## [YOUR GOAL]
The reply should reproduce every line of the data below word for word, minus any images.

## [DATA BLOCK]
_____
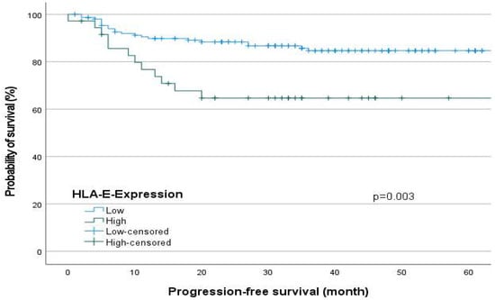 The Kaplan–Meier curve shows progression-free survival of OSCC patients depending on HLA-E expression. Patients with high HLA-E expression in primary tumors showed worse progression-free survival (Log-Rank test, p = 0.003).
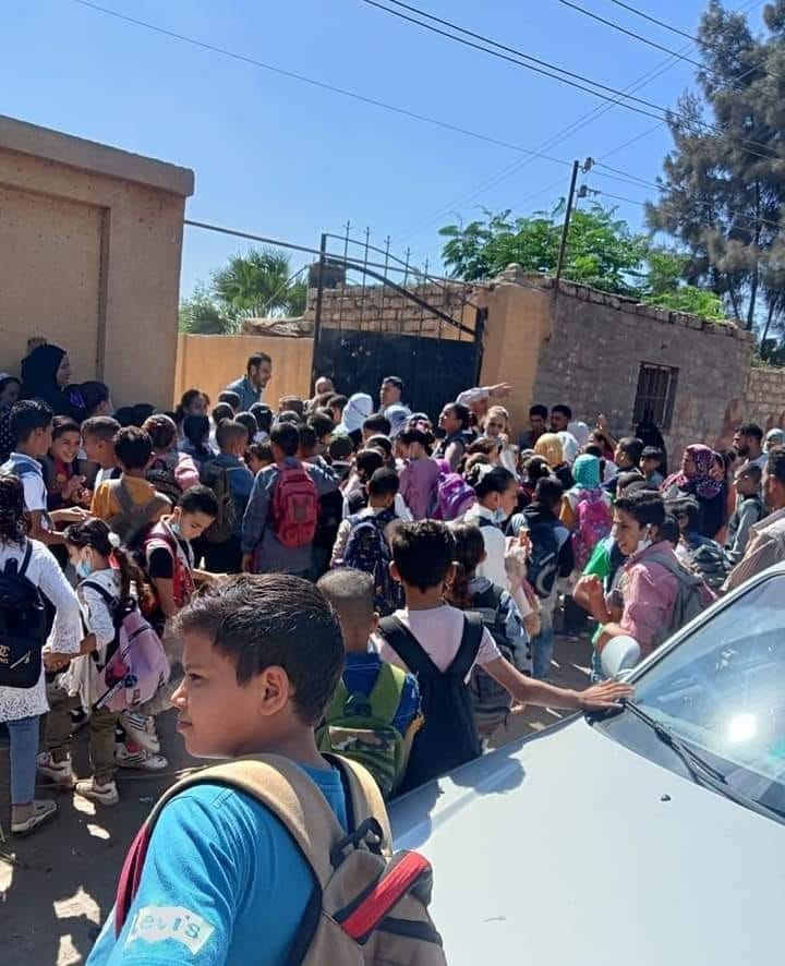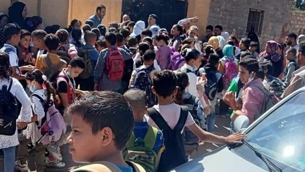 دون إجراءات احترازية.. تكدس وزحام أولياء الأمور والطلاب أمام مدرسة بالإسماعيلية
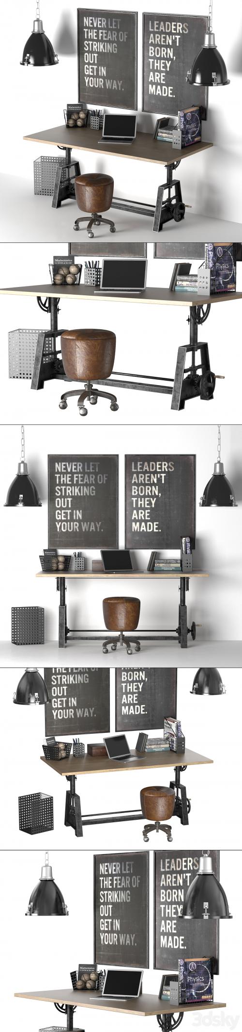 Restoration Hardware RH loft vintage vintage industrial industrial steel steel iron iron metal metal old aged working table chair leather rust scratches
_____
## [TASK OUTPUT]
 The Kaplan–Meier curve shows progression-free survival of OSCC patients depending on HLA-E expression. Patients with high HLA-E expression in primary tumors showed worse progression-free survival (Log-Rank test, p = 0.003).
 دون إجراءات احترازية.. تكدس وزحام أولياء الأمور والطلاب أمام مدرسة بالإسماعيلية
 Restoration Hardware RH loft vintage vintage industrial industrial steel steel iron iron metal metal old aged working table chair leather rust scratches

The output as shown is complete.